"И я смотрела из окна, и я звала — Давид, Давид! — и не могла найти тебя". Не скажу ей. Может быть, она даже спустилась по лестнице на улицу. А вдруг полицейский сказал ей. Но она не скажет отцу. Нет. Когда Давид будет около дома, он позовет ее. Она выглянет из окна. "Что?" — "Открой дверь, я поднимусь по лестнице" Она будет ждать, и он пробежит мимо подвала. Ненавижу его! Вот бы жить в доме без подвала.
Небо сужалось. Дома сомкнули свои ряды. Над головой стайка голубей, как бы нанизанных на провода между столбами, трогала одинокую сдержанную струну своих голосов. Серая кошка на крыльце перестала лизать лапу и грозно смотрела на голубей. Потом она уставилась на проходящего мимо Давида.
...Наверное, будет молоко, когда он придет домой. Или простокваша. Ух! Накрошить в нее хлеб. С сыром. М-м-м! Яйца со сметаной. Что еще со сметаной? Борщ... Клубника... Редиска... Бананы... Борщ, клубника, редиска, бананы. Борщ, клубника, яблоки и штрудель. Нет. Их не едят со сметаной. Сметана! Люблю ее, люблю ее, люблю ее. Я — ее — люблю. Я люблю пирог и не люблю селедку. Я люблю пирог, но не люблю что? Я люблю пирог, но я не люблю, люблю, люблю селедку. Я не, я не... Сколько же еще идти?
Опять появились тротуары.
...Лютер любит селедку, а я не люблю Лютера. Лютер любит селедку, а я не люблю Лютера. Лютер любит... придет он сегодня вечером? Может быть, он сказал. Может быть, он не придет. Лучше бы он никогда не приходил. Никогда, никогда, только в воскресенье утром... Сколько же еще идти?
Он всматривался в улицы впереди. Которая из них? Которая из них была такая длинная? Длинная улица, много деревянных домов. На этой стороне. Да. Еще один угол. И сразу, сразу, сразу дома... Эта?.. Не похоже... Следующая, точно... Один маленький дом... два — маленький дом... три — маленький дом... Вот и угол, вот и угол... Здесь? Эта? Да. Немного непохоже. Нет. Она. Деревянные дома. Да.
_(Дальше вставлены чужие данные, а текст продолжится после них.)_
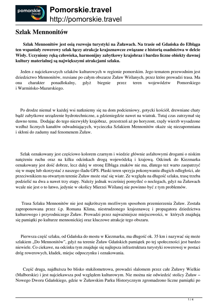 Pomorskie.travel http://pomorskie.travel Szlak Mennonitów Szlak Mennonitów jest osią rozwoju turystyki na Żuławach. Na trasie od Gdańska do Elbląga ten wspaniały rowerowy szlak łączy atrakcje krajoznawcze związane z historią osadnictwa w delcie Wisły. Uczyniony ręką człowieka, harmonijny zabytkowy krajobraz i bardzo liczne obiekty dawnej kultury materialnej są największymi atrakcjami szlaku. Jeden z najciekawszych szlaków kulturowych w regionie pomorskim. Jego tematem przewodnim jest dziedzictwo Mennonitów, rozsiane po całym obszarze Żuław Wiślanych, przez które prowadzi trasa. Ma ona charakter ponadlokalny, gdyż biegnie przez teren województw Pomorskiego i Warmińsko-Mazurskiego. Po drodze niemal w każdej wsi natkniemy się na dom podcieniowy, gotycki kościół, drewniane chaty bądź zabytkowe urządzenie hydrotechniczne, a gdzieniegdzie nawet na wiatrak. Tutaj czas zatrzymał się dawno temu. Dodając do tego niezwykły krajobraz, przestrzeń aż po horyzont, rzędy wierzb wysadzone wzdłuż licznych kanałów odwadniających, wycieczka Szlakiem Mennonitów okaże się niezapomniana i skłoni do zadumy nad fenomenem Żuław. Szlak oznakowany jest częściowo kolorem czarnym i wiedzie głównie asfaltowymi drogami o niskim natężeniu ruchu oraz na kilku odcinkach drogą wojewódzką i krajową. Odcinek do Kiezmarka oznakowany jest dość dobrze, lecz dalej w stronę Elbląga znaków nie ma, dlatego też warto zaopatrzyć się w mapę lub skorzystać z naszego śladu GPS. Płaski teren sprzyja pokonywaniu długich odległości, ale przeciwnikiem na otwartym terenie Żuław może stać się wiatr. Ze względu na długość szlaku, trasę trzeba podzielić na dwa a nawet trzy etapy. Należy jednak wcześniej pomyśleć o noclegach, gdyż na Żuławach wcale nie jest o to łatwo, jedynie w okolicy Mierzei Wiślanej nie powinno być z tym problemów. Trasa Szlaku Mennonitów nie jest najkrótszym możliwym sposobem przemierzenia Żuław. Została zaproponowana przez ś.p. Romana Klima, niestrudzonego krajoznawcę i propagatora dziedzictwa kulturowego i przyrodniczego Żuław. Prowadzi przez najważniejsze miejscowości, w których znajdują się pamiątki po kulturze mennonickiej oraz kluczowe atrakcje tego obszaru. Pierwsza część szlaku, od Gdańska do mostu w Kiezmarku, ma długość ok. 35 km i nazywać się może szlakiem „Do Mennonitów”, gdyż na terenie Żuław Gdańskich pamiątek po tej społeczności jest bardzo niewiele. Co ciekawe, na odcinku tym znajduje się najlepsza infrastruktura turystyki rowerowej w postaci dróg rowerowych, kładek, miejsc odpoczynku i oznakowania. Część druga, najdłuższa bo blisko stukilometrowa, prowadzi slalomem przez całe Żuławy Wielkie (Malborskie) i jest najciekawsza pod względem kulturowym. Nie można nie odwiedzić stolicy Żuław – Nowego Dworu Gdańskiego, gdzie w Żuławskim Parku Historycznym zgromadzono liczne pamiątki po 1/4 Pomorskie.travel http://pomorskie.travel mennonitach. Organizowane są tam ciekawe wystawy. Dalsza trasa prowadzi przez okolice Malborka, gdzie zachowały się liczne cmentarze mennonickie. Ostatnia część szlaku, o długości ok. 35 km, biegnie przez najmniej znane Żuławy Elbląskie, jednocześnie będące najniżej położoną częścią tego depresyjnego regionu. Przebiega przez zarastające Jezioro Druzno, będące rajem dla ptactwa wodnego i ornitologów. Szlak kończy się w Elblągu, dużym mieście na skraju Żuław i Wysoczyzny Elbląskiej. Teren Żuław, przez który prowadzi Szlak Mennonitów jest niemal płaski i pozwala na szybkie pokonywanie sporych odległości. Z uwagi na przeważające na obszarze Pomorza wiatry zachodnie, lepiej pokonywać go w kierunku z Gdańska do Elbląga. Po drodze podróż można przerwać w Tczewie lub Malborku (dobre połączenia kolejowe z Trójmiastem). O nocleg najłatwiej na Mierzei Wiślanej oraz w Malborku. Na trasie znajduje się kilka sympatycznych gospodarstw agroturystycznych. Warto przeznaczyć trochę czasu na zwiedzanie zabytków po drodze (uwaga: kościoły i domy podcieniowe nie zawsze są udostępniane do zwiedzania), odnalezienie starych cmentarzy, wizytę w muzeum w Nowym Dworze Gdańskim i malborskim zamku oraz odpoczynek na rynku w Nowym Stawie. Urozmaiceniem może być również relaks na plaży w Mikoszewie czy Jantarze. Przebieg: 0 km - Gdańsk, ul. Okopowa. Początek szlaku przy budynku Urzędu Wojewódzkiego (do dworca PKP/SKM ok. 1 km). Uwaga! Wyjazd z Gdańska aż do Wróblewa szlakiem czerwonym „Motławskim” (opis str. 22-23). 14,0 km - Wróblewo. Kościółek szachulcowy z XVII-XVIII w. nad Motławą. Przejeżdżamy przez nową kładkę nad Motławą i jedziemy drogą z płyt betonowych na wschód. 19,0 km - Miłocin. Pięknie odremontowany dom podcieniowy z 1731 r. 21,5 km - Trutnowy. Dom podcieniowy z 1720 r. (po uzgodnieniu z właścicielami możliwy do zwiedzania), kościół gotycki z wystrojem z XVII-XVIII w. 23,8 km - Cedry Wielkie. Wieś gminna. Potężny kościół gotycki. Wystawa historyczna w Żuławskim Domu Kultury obok OSP. 28,0 km - Leszkowy. Kościół gotycki. 32,0 km - Kiezmark. Piękny kościół szachulcowy z XVIII w., stary cmentarz, punkt widokowy na dolinę Wisły. Należy przejechać przez most na drugą stronę rzeki i zjechać następnie w dość niestety wąską i ruchliwą drogę na Mikoszewo. 2/4 Pomorskie.travel http://pomorskie.travel 37,5 km - Żuławki/Drewnica. Zespół domów podcieniowych z XVIII-XIX w., zabudowa drewniana, niezwykły zabytek hydrotechniki - śluza „Gdańska Głowa” na rozwidleniu Szkarpawy i Wisły, wiatrak koźlak z 1718 r. 4305 km - Mikoszewo. Wieś letniskowa na Mierzei Wiślanej. Od maja do października przeprawa promowa na Wyspę Sobieszewską (możliwy powrót do Gdańska, ok. 25 km), rezerwat „Mewia Łacha”. Jedziemy główną drogą do Jantara. 47,8 km - Jantar. Duża miejscowość letniskowa na Mierzei Wiślanej. Skręcam

Он повернул за угол и заспешил к следующему углу.
...Это она! Но она выглядела немного не так. Хотя это она... Но в конце квартала неуверенность не исчезала. Хоть он осматривал каждый дом на перекрестке, он не мог вспомнить, был ли он здесь. Все улицы были одинаковы: деревянные дома и узкие тротуары справа и слева. Уныние и страх наполнили его душу.
...Думал — эта. Нет. Может быть, проскочил две. Тогда, когда бежал. Не смотрел и минул две. Тогда следующая. Сейчас найду. Мама ждет. Следующая. Быстро. Должна быть...
Он пустился усталой рысцой.
...Ну, конечно, следующая. Большой желтый дом на углу. Он видел его, видел. Там моя улица. А вдруг... вдруг это не она. Должна быть! Должна!
Он побежал быстрее, чувствуя рядом с собой мягкие ступни подкрадывающегося страха. Следующий угол может оказаться или приютом или ловушкой, и, приближаясь к нему, Давид бежал все быстрее, как обложенный флагами волк.
...Где же? Где она?..
Но и эта улица была чужая, как все остальные. Он не закричал и не заплакал. Он смотрел перед собой. Рухнула последняя надежда. Потом он повернулся, как в трансе, подошел к железной загородке перед каким-то подвалом, прижался лбом к холодному железу и заплакал от невыносимой муки.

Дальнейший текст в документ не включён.